2-8. (as described above)
  1. If the data was properly encrypted and the certificate was validated, the server can create some "session" object. Session object will contain username and password from the list. This pair is used to access the resource.

Although certificates are quite flexible and powerful thing, there are, as mentioned, certain problems associated with them. One of quite serious problems is confusion that certificate scheme can cause among the users. Also, protecting certificates is usually harder then protecting passwords (due to certificate's private key size).

In this case it is possible to employ the username/password scheme while maintaining the certificates on the server. When new user record is created, the server generates a certificate and a private key. Certificate is then stored in two forms: the certificate in its regular DER form (with public key only) and in encrypted form (in PEM format) together with private key.

The certificate can be saved to regular DER format with call to X509Certificate.SaveToStream() method.

DER format is binary and can be stored in BLOB field of the database.

The certificate can be saved to PEM format as follows:

  1. Save the certificate with it's public key using X509Certificate.SaveToStreamPEM() method.
  2. Save the certificate's private key using X509Certificate.SaveKeyToStreamPEM() method

The generated PEM stream contains text data that can be stored in MEMO field of the database.

The structure of the user database can be

  1. Username: string [as you like]. Unique. Primary key. This is the name of the user who owns the certificate.
  2. ValidFrom: DATE. This is the time when certificate becomes valid. The value corresponds to ValidFrom field of the certificate.
  3. ValidTo: DATE. This is the time when certificate expires. The value corresponds to ValidTo field of the certificate.
  4. CertPublic : BLOB. The certificate in DER format. This field is optional.
  5. CertPEM : MEMO. The certificate in PEM Format.

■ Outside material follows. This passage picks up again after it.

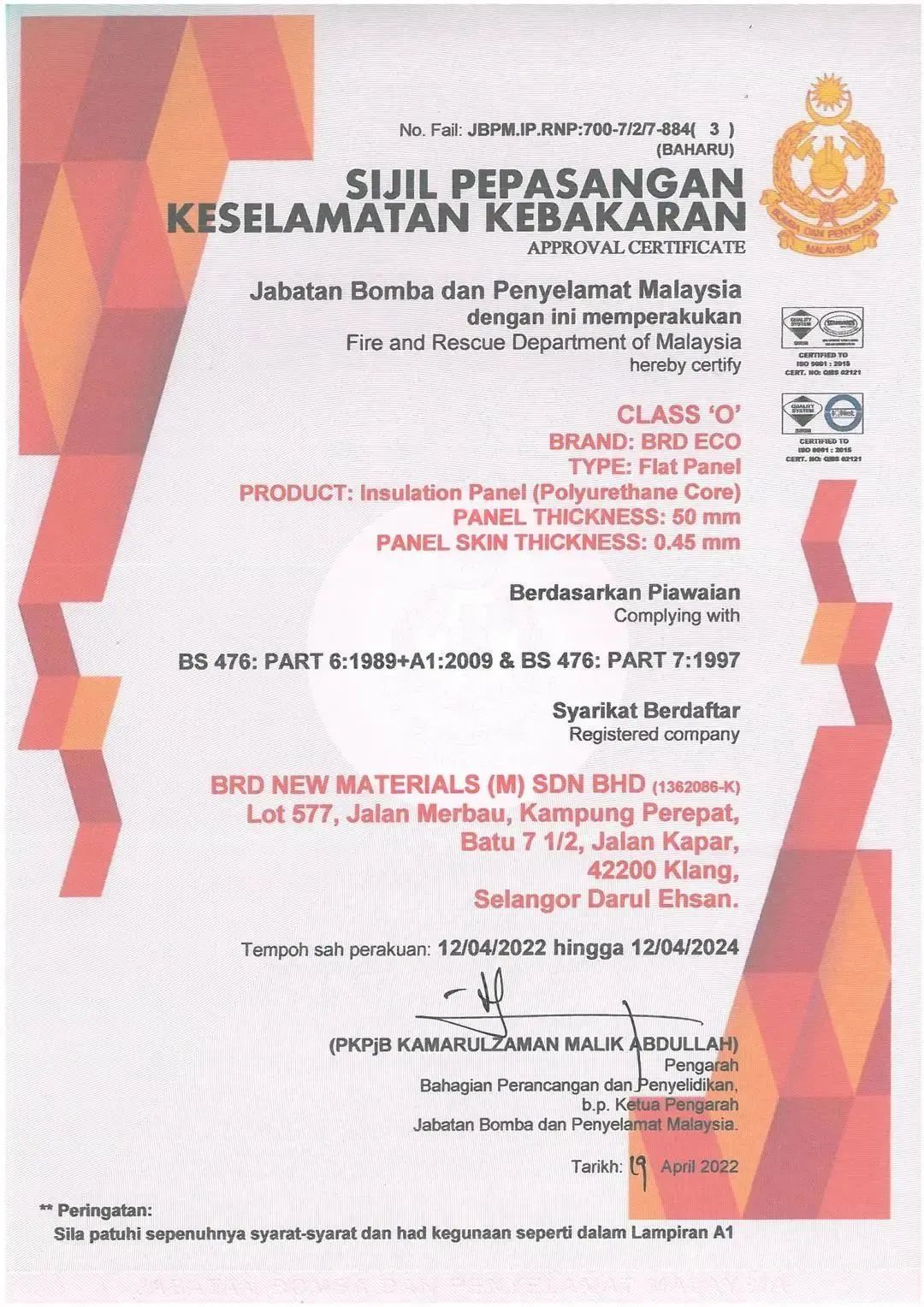 寶潤達新材馬來西亞公司已獲聚氨酯復合板防火證書并通過馬來西亞聚氨酯復合板SIRIM防火檢測。

When the user logs in, the following sequence of operations is performed:

  1. The server searches for the record using Username field.
  2. User's password is checked as follows: the certificate in PEM format is decrypted and checked for consistence (i.e. the certificate must correctly load itself from the stream).
  3. Validity period is checked. If the certificate has expired, the server can generate new certificate and request the user to change the password.

The benefit of this approach is that the certificates can be used not only for access to server, but also for establishing secure SSL session with third-party on behalf of the user.

Example: there is some remote server that requires (or prefers SSL connection). This server utilizes custom protocol. The client software that your users have doesn't work with SSL but it works with SOCKS proxies. What you can do is write a simple SOCKS proxy that becomes a client in SSL connection. But the user can't pass you a certificate. He can only give you SOCKS username and password. Then your proxy finds user certificate in the database and sends it as a client certificate in SSL conversation.

Another example is a mail server that automatically signs outgoing e-mail based on user's username and password. Usefulness of such approach is to ensure that employee of the organization, and not a fraudulent person, sent the e-mail.

Also, certificates can be used to sign or encrypt the data stored by the server. This allows users to safely store their private documents on the server, or sign the files they submit to common repository. One thing to remember is that you must keep revoked certificates (the certificates that are inactive due to expiration or because their private key became well-known etc.) in the database so that older signed or encrypted documents can be accessed.

As you see, each of the schemes has it's own uses and benefits. And no matter what scheme you use, SecureBlackbox will be very helpful.